## EXERCISE
Apart from the pictures, write out all the records exactly.

[Dataset records]
___
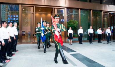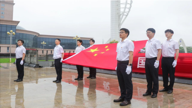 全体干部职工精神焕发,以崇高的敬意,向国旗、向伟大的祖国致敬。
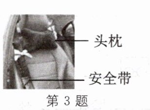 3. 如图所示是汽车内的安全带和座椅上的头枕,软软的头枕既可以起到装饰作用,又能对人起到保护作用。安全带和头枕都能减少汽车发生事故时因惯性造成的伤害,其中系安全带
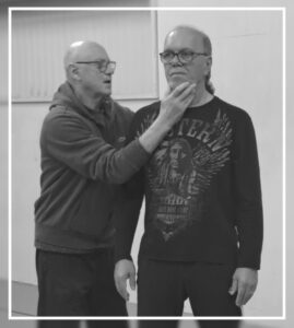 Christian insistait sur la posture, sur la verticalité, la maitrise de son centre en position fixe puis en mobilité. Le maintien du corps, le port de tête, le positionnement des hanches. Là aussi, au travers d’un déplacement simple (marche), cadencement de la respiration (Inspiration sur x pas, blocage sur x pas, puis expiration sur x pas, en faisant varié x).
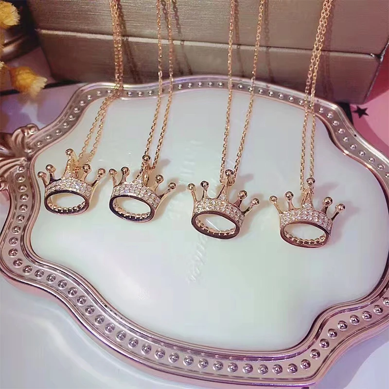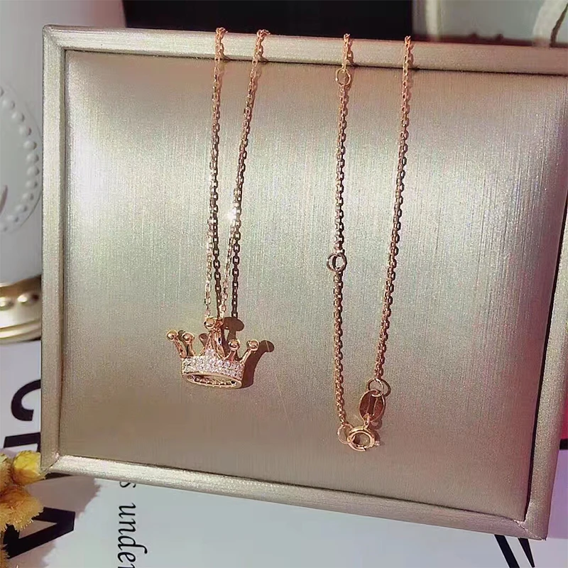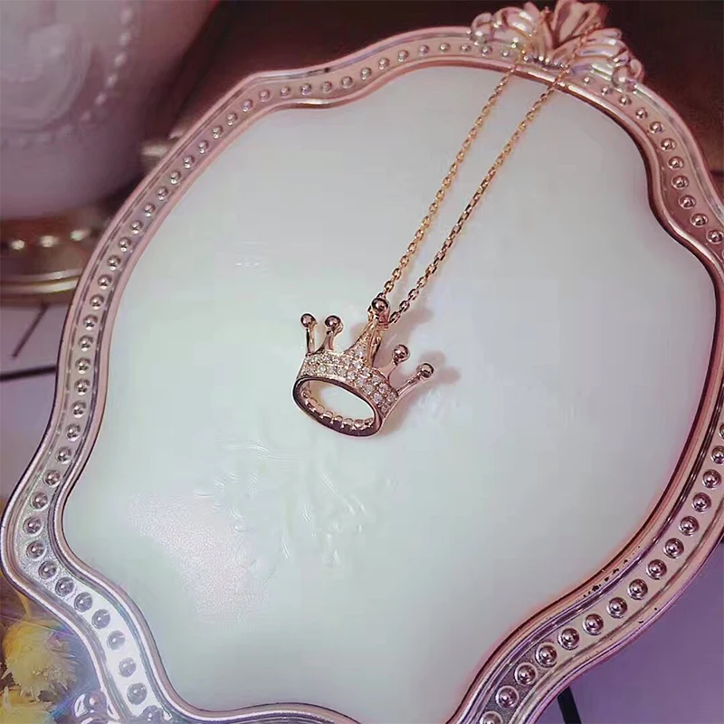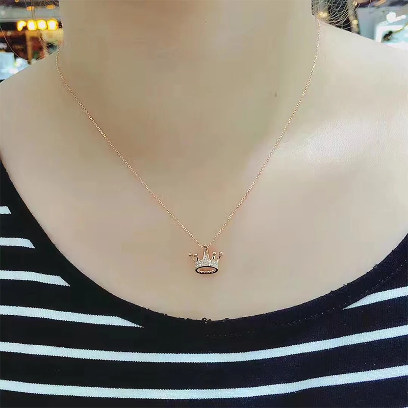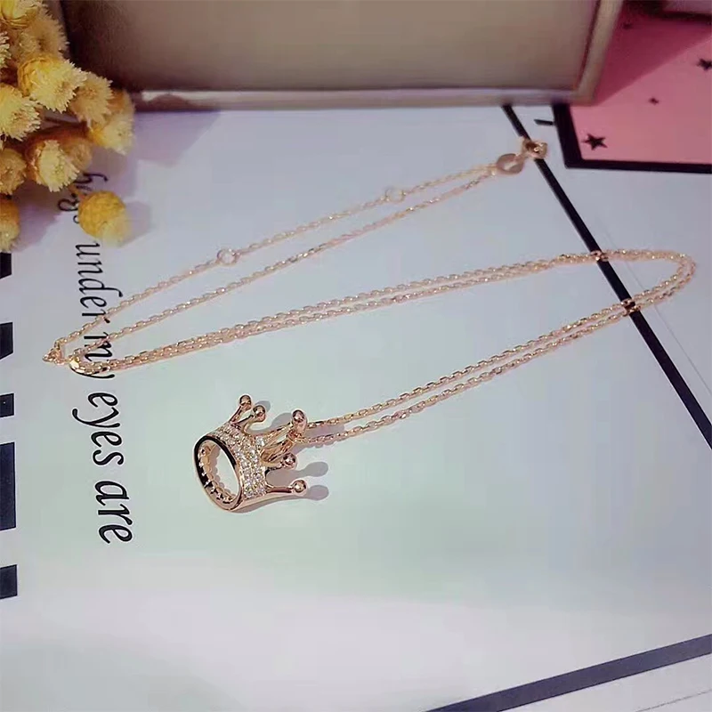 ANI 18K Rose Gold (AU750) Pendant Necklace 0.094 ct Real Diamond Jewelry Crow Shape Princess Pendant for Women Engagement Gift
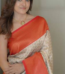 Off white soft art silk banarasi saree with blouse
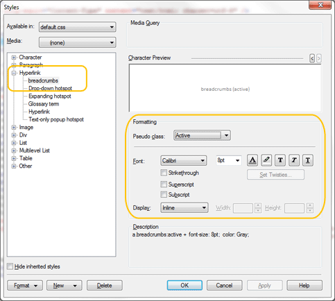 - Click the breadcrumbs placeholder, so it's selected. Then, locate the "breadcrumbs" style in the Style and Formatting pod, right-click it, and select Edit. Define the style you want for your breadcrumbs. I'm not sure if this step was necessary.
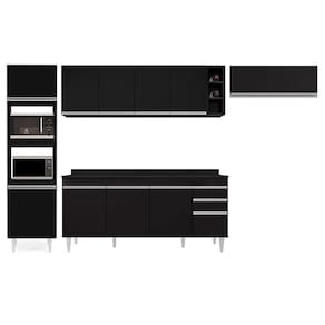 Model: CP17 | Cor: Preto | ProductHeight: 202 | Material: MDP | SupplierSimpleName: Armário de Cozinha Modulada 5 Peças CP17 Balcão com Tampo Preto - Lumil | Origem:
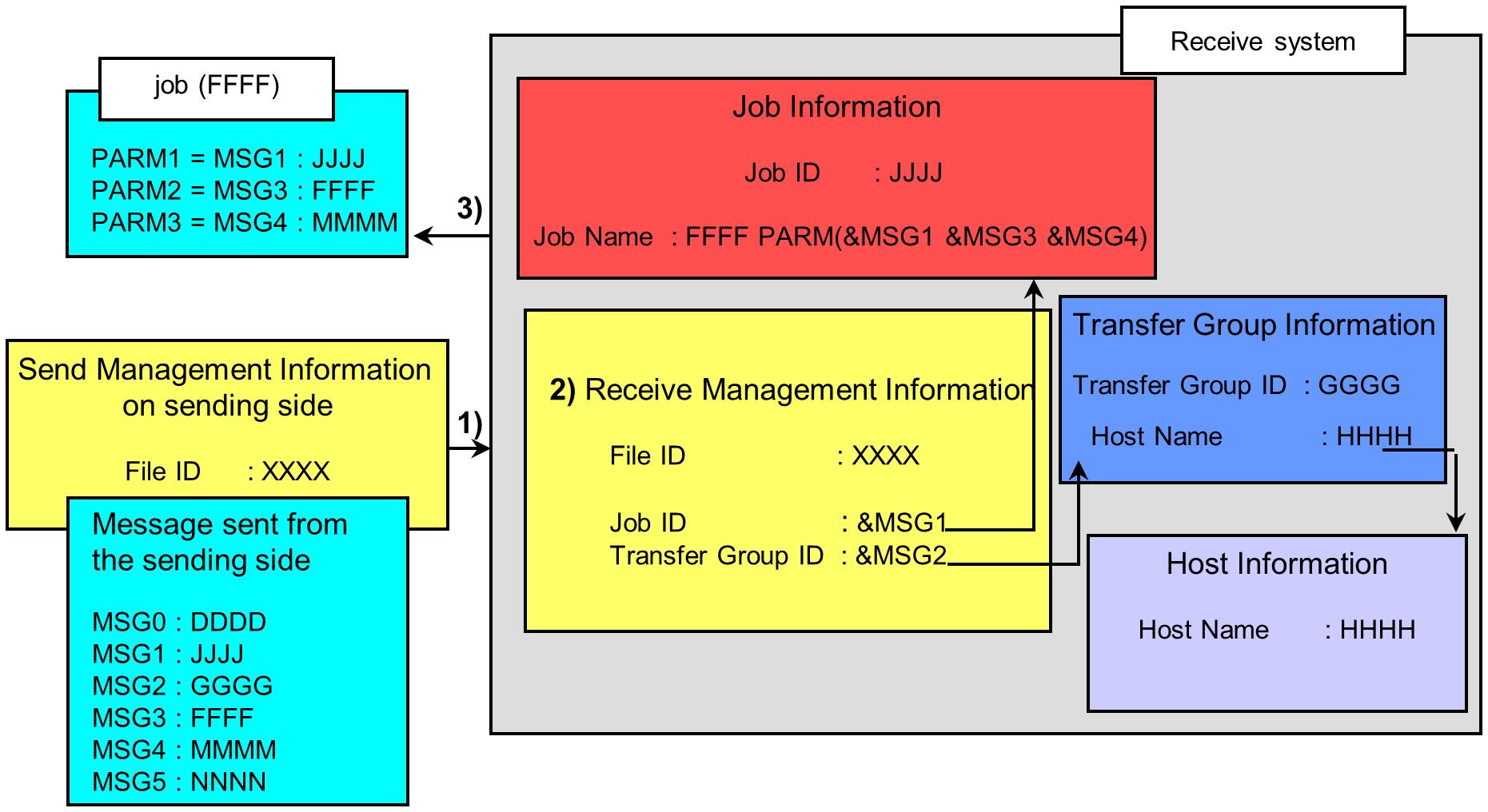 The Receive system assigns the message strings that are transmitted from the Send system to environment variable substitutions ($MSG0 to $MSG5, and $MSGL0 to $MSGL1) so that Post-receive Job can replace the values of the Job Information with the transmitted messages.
___
## RESPONSE AREA
 全体干部职工精神焕发,以崇高的敬意,向国旗、向伟大的祖国致敬。
 3. 如图所示是汽车内的安全带和座椅上的头枕,软软的头枕既可以起到装饰作用,又能对人起到保护作用。安全带和头枕都能减少汽车发生事故时因惯性造成的伤害,其中系安全带
 Christian insistait sur la posture, sur la verticalité, la maitrise de son centre en position fixe puis en mobilité. Le maintien du corps, le port de tête, le positionnement des hanches. Là aussi, au travers d’un déplacement simple (marche), cadencement de la respiration (Inspiration sur x pas, blocage sur x pas, puis expiration sur x pas, en faisant varié x).
 ANI 18K Rose Gold (AU750) Pendant Necklace 0.094 ct Real Diamond Jewelry Crow Shape Princess Pendant for Women Engagement Gift
 Off white soft art silk banarasi saree with blouse
 - Click the breadcrumbs placeholder, so it's selected. Then, locate the "breadcrumbs" style in the Style and Formatting pod, right-click it, and select Edit. Define the style you want for your breadcrumbs. I'm not sure if this step was necessary.
 Model: CP17 | Cor: Preto | ProductHeight: 202 | Material: MDP | SupplierSimpleName: Armário de Cozinha Modulada 5 Peças CP17 Balcão com Tampo Preto - Lumil | Origem:
 The Receive system assigns the message strings that are transmitted from the Send system to environment variable substitutions ($MSG0 to $MSG5, and $MSGL0 to $MSGL1) so that Post-receive Job can replace the values of the Job Information with the transmitted messages.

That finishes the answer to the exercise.